■ Work request
Reproduce all the records word for word. Omit images.

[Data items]
◆ ◆ ◆
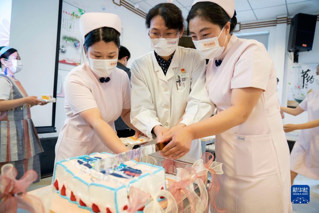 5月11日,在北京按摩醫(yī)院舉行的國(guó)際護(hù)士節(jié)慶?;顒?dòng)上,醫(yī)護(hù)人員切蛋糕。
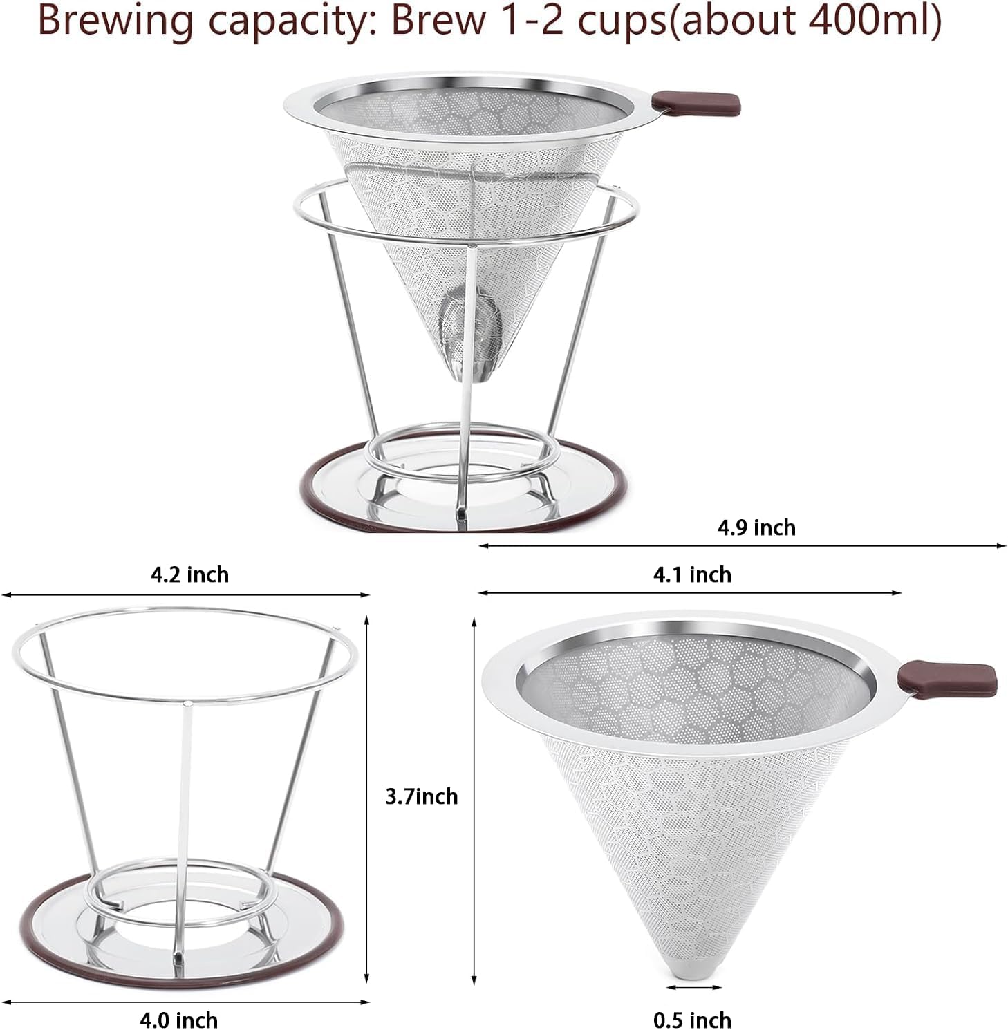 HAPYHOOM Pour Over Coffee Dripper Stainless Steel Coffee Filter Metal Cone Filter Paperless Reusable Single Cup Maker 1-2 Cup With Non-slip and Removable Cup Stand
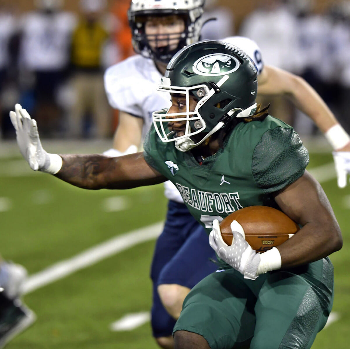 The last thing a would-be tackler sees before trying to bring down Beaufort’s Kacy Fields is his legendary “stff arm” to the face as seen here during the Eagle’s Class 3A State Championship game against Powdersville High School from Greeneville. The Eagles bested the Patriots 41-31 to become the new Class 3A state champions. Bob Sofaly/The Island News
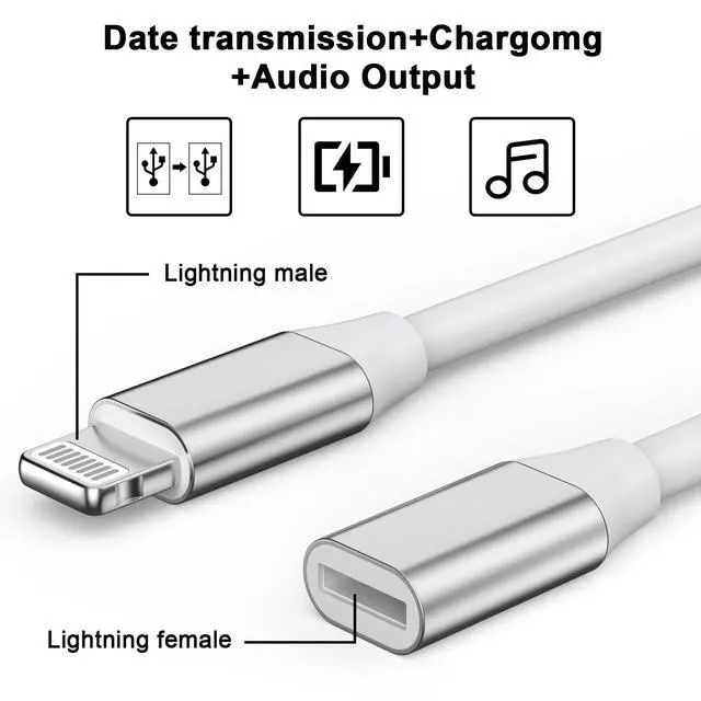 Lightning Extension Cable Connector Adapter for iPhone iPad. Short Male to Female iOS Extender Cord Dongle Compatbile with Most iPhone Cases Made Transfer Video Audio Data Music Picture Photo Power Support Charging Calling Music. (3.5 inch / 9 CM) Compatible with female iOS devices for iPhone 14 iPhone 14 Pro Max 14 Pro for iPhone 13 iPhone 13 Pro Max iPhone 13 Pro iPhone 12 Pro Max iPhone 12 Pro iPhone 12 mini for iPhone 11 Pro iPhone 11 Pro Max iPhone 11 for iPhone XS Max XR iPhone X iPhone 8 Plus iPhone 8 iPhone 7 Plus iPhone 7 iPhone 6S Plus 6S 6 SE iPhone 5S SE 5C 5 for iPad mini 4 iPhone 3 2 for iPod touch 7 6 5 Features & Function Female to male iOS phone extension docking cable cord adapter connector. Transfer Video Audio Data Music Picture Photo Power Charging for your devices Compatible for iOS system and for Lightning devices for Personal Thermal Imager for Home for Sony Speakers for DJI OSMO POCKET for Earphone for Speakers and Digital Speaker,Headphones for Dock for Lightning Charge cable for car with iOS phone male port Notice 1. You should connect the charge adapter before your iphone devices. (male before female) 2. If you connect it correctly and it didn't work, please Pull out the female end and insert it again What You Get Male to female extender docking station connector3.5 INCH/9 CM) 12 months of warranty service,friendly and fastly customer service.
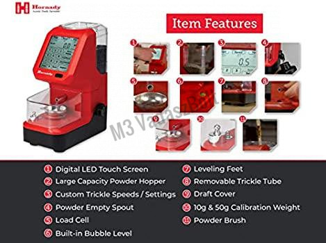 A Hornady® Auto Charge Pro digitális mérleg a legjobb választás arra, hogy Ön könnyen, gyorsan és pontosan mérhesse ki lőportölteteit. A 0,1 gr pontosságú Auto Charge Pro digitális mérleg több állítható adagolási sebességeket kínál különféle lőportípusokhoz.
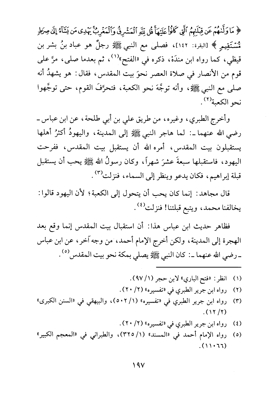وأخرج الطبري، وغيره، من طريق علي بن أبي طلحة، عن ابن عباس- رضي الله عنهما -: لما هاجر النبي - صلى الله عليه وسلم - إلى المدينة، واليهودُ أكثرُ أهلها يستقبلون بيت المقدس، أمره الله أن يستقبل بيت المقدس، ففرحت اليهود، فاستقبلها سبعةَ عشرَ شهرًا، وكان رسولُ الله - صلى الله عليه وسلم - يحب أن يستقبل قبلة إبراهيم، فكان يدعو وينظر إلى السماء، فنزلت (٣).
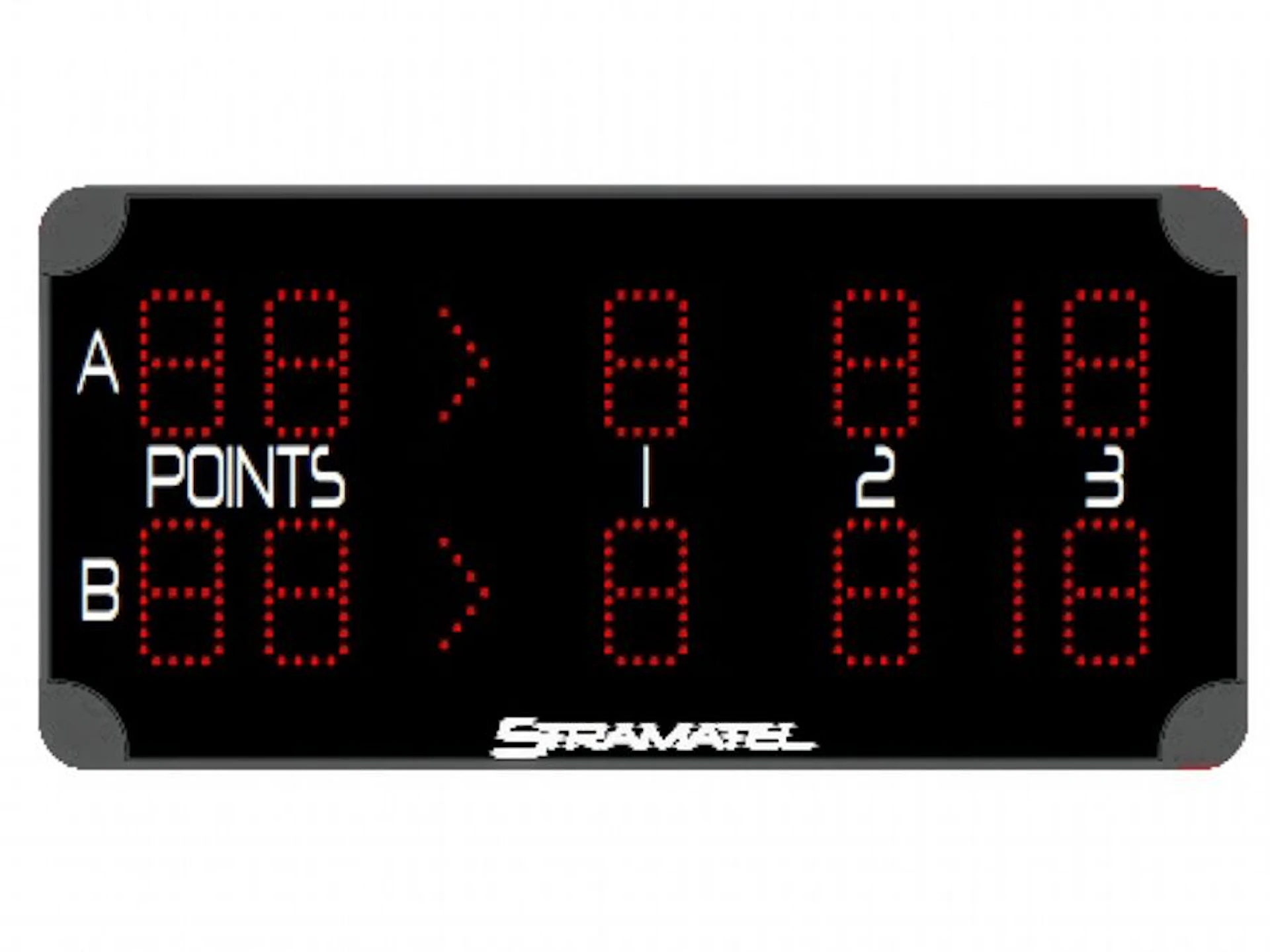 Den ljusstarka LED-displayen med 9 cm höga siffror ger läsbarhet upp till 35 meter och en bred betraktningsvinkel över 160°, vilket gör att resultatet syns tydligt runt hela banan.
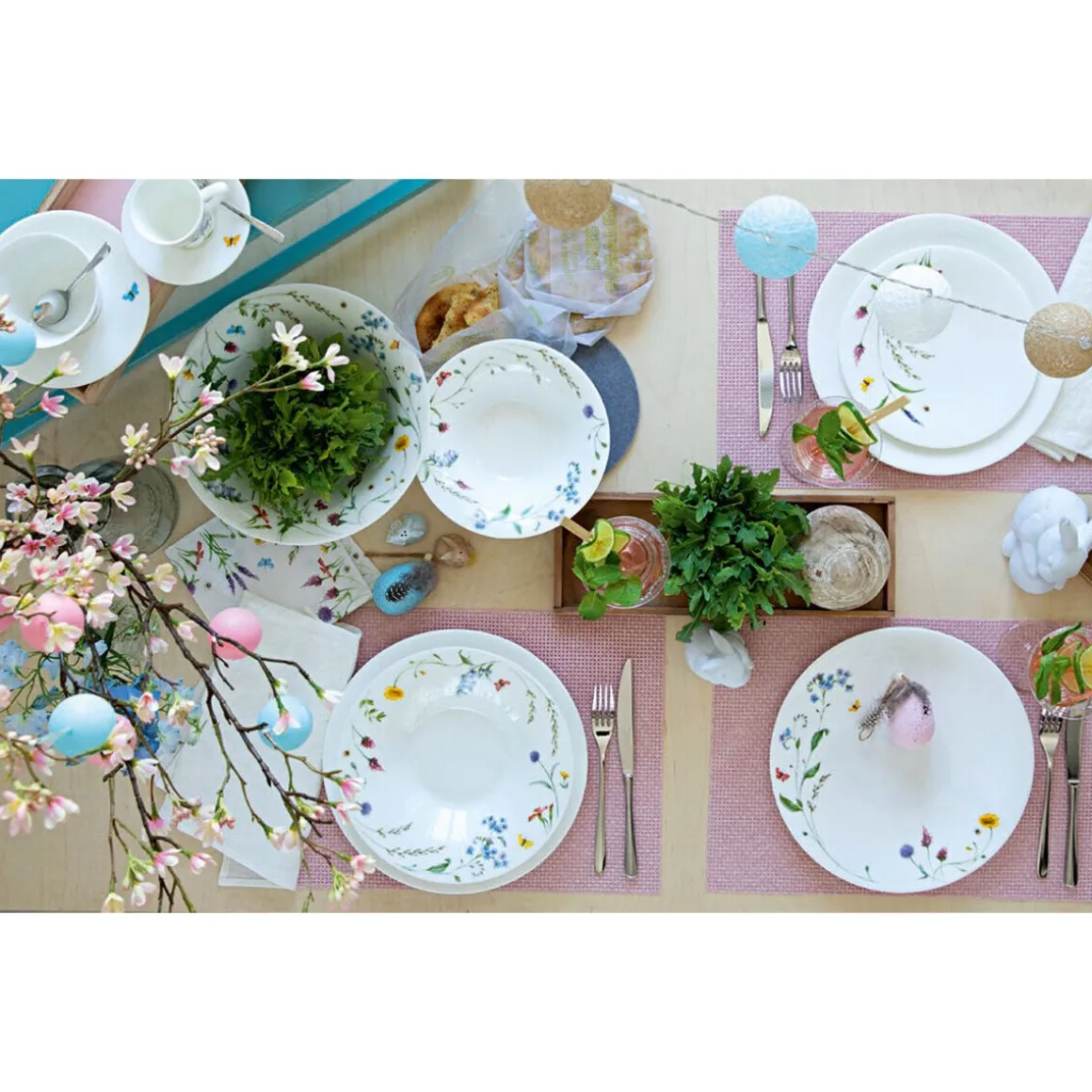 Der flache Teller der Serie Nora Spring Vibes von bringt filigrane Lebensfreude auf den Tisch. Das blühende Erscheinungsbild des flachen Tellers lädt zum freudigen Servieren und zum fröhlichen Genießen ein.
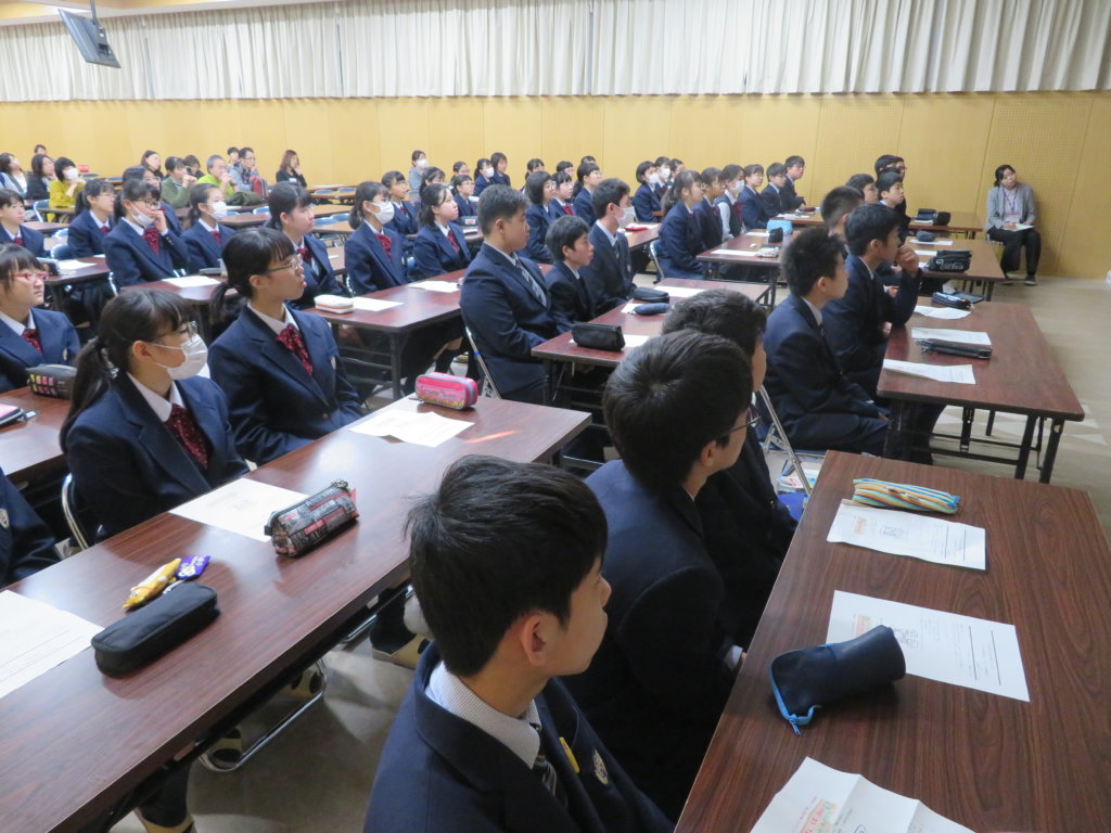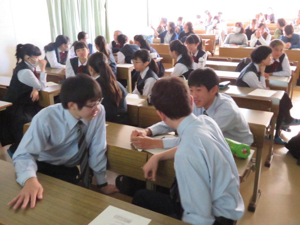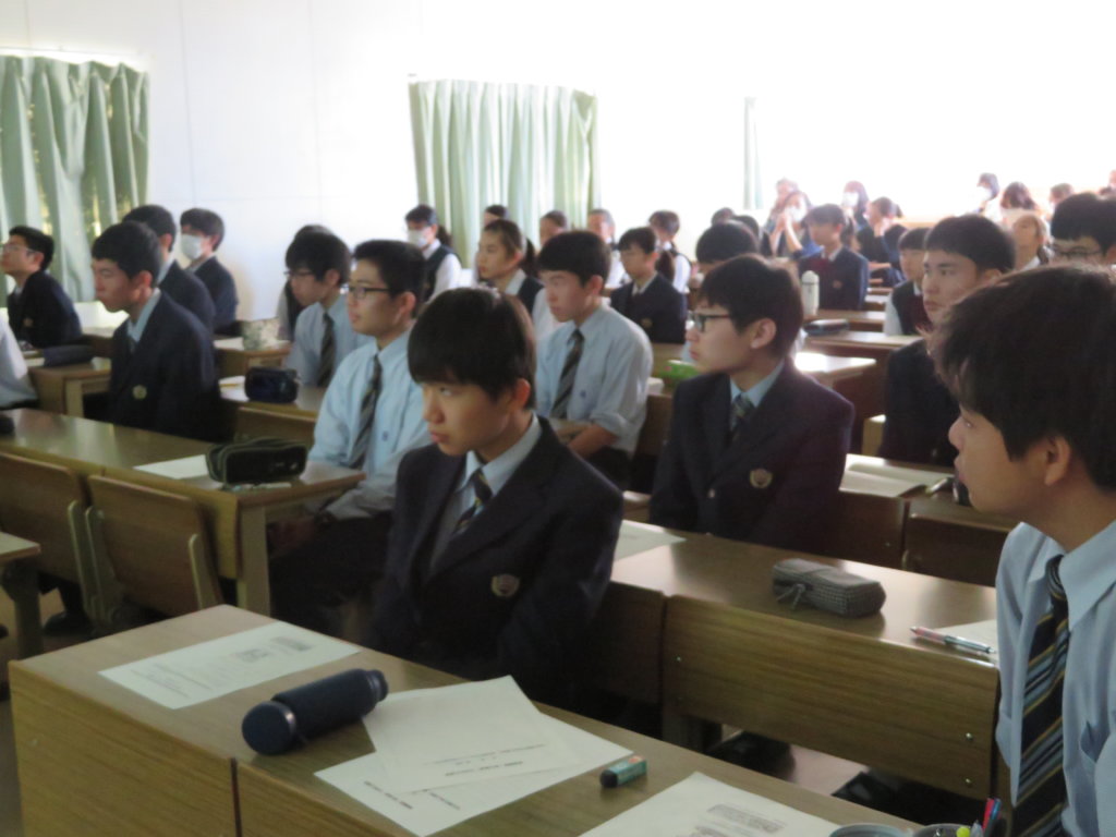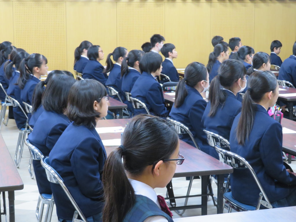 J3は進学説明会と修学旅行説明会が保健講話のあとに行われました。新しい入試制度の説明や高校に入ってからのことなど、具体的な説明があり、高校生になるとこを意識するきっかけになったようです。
◆ ◆ ◆
■ Task solution
 5月11日,在北京按摩醫(yī)院舉行的國(guó)際護(hù)士節(jié)慶?;顒?dòng)上,醫(yī)護(hù)人員切蛋糕。
 HAPYHOOM Pour Over Coffee Dripper Stainless Steel Coffee Filter Metal Cone Filter Paperless Reusable Single Cup Maker 1-2 Cup With Non-slip and Removable Cup Stand
 The last thing a would-be tackler sees before trying to bring down Beaufort’s Kacy Fields is his legendary “stff arm” to the face as seen here during the Eagle’s Class 3A State Championship game against Powdersville High School from Greeneville. The Eagles bested the Patriots 41-31 to become the new Class 3A state champions. Bob Sofaly/The Island News
 Lightning Extension Cable Connector Adapter for iPhone iPad. Short Male to Female iOS Extender Cord Dongle Compatbile with Most iPhone Cases Made Transfer Video Audio Data Music Picture Photo Power Support Charging Calling Music. (3.5 inch / 9 CM) Compatible with female iOS devices for iPhone 14 iPhone 14 Pro Max 14 Pro for iPhone 13 iPhone 13 Pro Max iPhone 13 Pro iPhone 12 Pro Max iPhone 12 Pro iPhone 12 mini for iPhone 11 Pro iPhone 11 Pro Max iPhone 11 for iPhone XS Max XR iPhone X iPhone 8 Plus iPhone 8 iPhone 7 Plus iPhone 7 iPhone 6S Plus 6S 6 SE iPhone 5S SE 5C 5 for iPad mini 4 iPhone 3 2 for iPod touch 7 6 5 Features & Function Female to male iOS phone extension docking cable cord adapter connector. Transfer Video Audio Data Music Picture Photo Power Charging for your devices Compatible for iOS system and for Lightning devices for Personal Thermal Imager for Home for Sony Speakers for DJI OSMO POCKET for Earphone for Speakers and Digital Speaker,Headphones for Dock for Lightning Charge cable for car with iOS phone male port Notice 1. You should connect the charge adapter before your iphone devices. (male before female) 2. If you connect it correctly and it didn't work, please Pull out the female end and insert it again What You Get Male to female extender docking station connector3.5 INCH/9 CM) 12 months of warranty service,friendly and fastly customer service.
 A Hornady® Auto Charge Pro digitális mérleg a legjobb választás arra, hogy Ön könnyen, gyorsan és pontosan mérhesse ki lőportölteteit. A 0,1 gr pontosságú Auto Charge Pro digitális mérleg több állítható adagolási sebességeket kínál különféle lőportípusokhoz.
وأخرج الطبري، وغيره، من طريق علي بن أبي طلحة، عن ابن عباس- رضي الله عنهما -: لما هاجر النبي - صلى الله عليه وسلم - إلى المدينة، واليهودُ أكثرُ أهلها يستقبلون بيت المقدس، أمره الله أن يستقبل بيت المقدس، ففرحت اليهود، فاستقبلها سبعةَ عشرَ شهرًا، وكان رسولُ الله - صلى الله عليه وسلم - يحب أن يستقبل قبلة إبراهيم، فكان يدعو وينظر إلى السماء، فنزلت (٣).
 Den ljusstarka LED-displayen med 9 cm höga siffror ger läsbarhet upp till 35 meter och en bred betraktningsvinkel över 160°, vilket gör att resultatet syns tydligt runt hela banan.
 Der flache Teller der Serie Nora Spring Vibes von bringt filigrane Lebensfreude auf den Tisch. Das blühende Erscheinungsbild des flachen Tellers lädt zum freudigen Servieren und zum fröhlichen Genießen ein.
 J3は進学説明会と修学旅行説明会が保健講話のあとに行われました。新しい入試制度の説明や高校に入ってからのことなど、具体的な説明があり、高校生になるとこを意識するきっかけになったようです。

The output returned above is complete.